A. does the ordering, as she always does, and a steady procession of dishes comes parading to the table. There are crisp rolls of what seem to be ground pork wrapped in taro threads (fried) and soft rolls of vegetables and rice (or bean-thread) noodles wrapped in rice paper. A salad of cold beef and lettuce has a bright, tart dressing; pork chops are pounded thin, fried, placed over a tangle of white noodles and topped with a fried egg. There is a clay pot of braised ginger chicken and another of vegetables and tofu and yet another of Shanghainese-style pork belly, soft and rich and different from the multi-textured roasted pork belly I had at Volterra - this is the braised pork belly of my childhood.
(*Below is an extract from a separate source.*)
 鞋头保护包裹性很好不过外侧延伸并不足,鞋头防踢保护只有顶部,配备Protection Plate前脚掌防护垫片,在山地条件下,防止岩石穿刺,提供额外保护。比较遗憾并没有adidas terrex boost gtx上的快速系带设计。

All the dishes are drawn from different styles of Chinese cuisine, with influences from Vietnam and Indonesia and other points southeast. I can't eat any more but dessert arrives, the shaved ice that you see everwhere in Asia - creamy with coconut milk, with sweet beans and some kind of lurid green jello. It so reminds me of other ices I have eaten during summers in Taipei and Shanghai that I almost expect to be hit with a blast of humid heat when I step outside, instead of the cool night air.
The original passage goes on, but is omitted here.